The days passed slowly without you around. At least, that's how Dabura perceived them.
He had returned to his homeland to settle certain matters. Among them, the one involving the former Chief of the Deskunte Tribe. And, when everything was finally resolved, he found himself in an unusual situation: there was nothing more urgent to do.
Yet, wherever he went, something always reminded him of you.
And that bothered him more than it should.
Sometimes, he didn't even realize when it was happening. A mere detail—a prolonged silence, a banal landscape, the wind touching his face—and there was the memory, insistent, occupying too much space in his mind.

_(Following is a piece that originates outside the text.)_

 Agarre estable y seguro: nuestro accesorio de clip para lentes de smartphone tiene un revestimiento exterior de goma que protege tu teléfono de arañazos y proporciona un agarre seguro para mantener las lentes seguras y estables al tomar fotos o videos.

It was then that Dabura suddenly thought:
"She tried to teach me a card game and lost her patience."
The wind blew against his face. Some leaves slipped between his long, dark horns as he settled on a nearby rock, as if that brief moment of pause could organize him from within.

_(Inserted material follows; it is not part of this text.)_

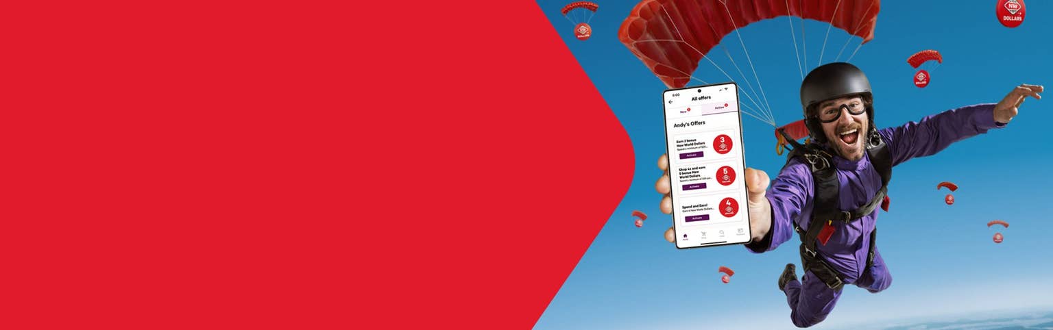 From time to time you’ll see offers in your New World app. Simply choose the ones you want to activate in your app then shop, either in-store or online. Meet the requirements of the offer, and you’ll be rewarded with bonus New World Dollars on your Clubcard.

“Maybe she didn’t know how to play that game either.” The words escaped him before he could stop them.
The silence that followed seemed longer than it should have been.

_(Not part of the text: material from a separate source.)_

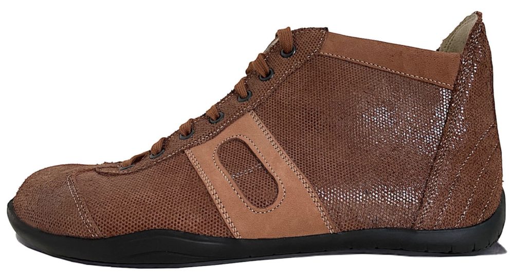 Der Knöchel-Barfußschuh „Diavolo“ in einem wunderschönen braunen Leder. Das Leder sieht aus wie perforiert, ist jedoch ein Glattleder aus Rind. Das Braun hat bei einem bestimmten Lichteinfall einen feinen Glanz, welcher über den ganzen Schuh wandert. Das Leder wird exklusiv für Barfußschuhe von Senmotic in einer Gerberei gefertigt. Wer das Außergewöhnliche mag und auf coole Farben steht, erhält einen außergewöhnlichen Barfußschuh. Wir fertigen das Modell „Diavolo Two“ aus Vollleder. Also auch die Kappen vorn und hinten sind in diesem wunderschönen Braunton gefertigt. Wie alle unsere Barfußschuhe wird auch dieses Sondermodell mit der Hand gefertigt. Durch den speziellen Schnitt wirken die Schuhe am Fuß schmaler. Trotzdem haben die Zehen genügend Raum durch unsere breite Zehenbox. Achtung! Dieses Leder darf nur mit einem leicht feuchten Tuch und mit Imprägnierspray behandelt werden.

His jaw clenched slightly. His eyes closed for a moment, while a discreet breath escaped his nostrils.
Then, it was at that moment that he came to a simple conclusion.
He needed to go back.
The Earth was at peace as never before.
Literally.
Dabura walked around the grounds of the Jujutsu Technical School as old memories surfaced sparsely, almost like fragments of a routine that no longer existed. The corridors. The training. The meaningless discussions.
You.
Without realizing it, he sought your presence through the cursed energy. Not because he truly expected to find her like that—his body had simply grown accustomed to her existence, to her trail, to the feeling that she was always there in some way.
When he finally found the correct entrance, he climbed onto the engawa and approached the parapet.
“Hello. It’s been a long time.”
However, before he could continue, a discreet TOC echoed through the room. His entire speech vanished, and the moment completely shattered the dramatic tension he had spent time building.
His head tilted back instantly.
Again, he had bumped his horn against the door frame.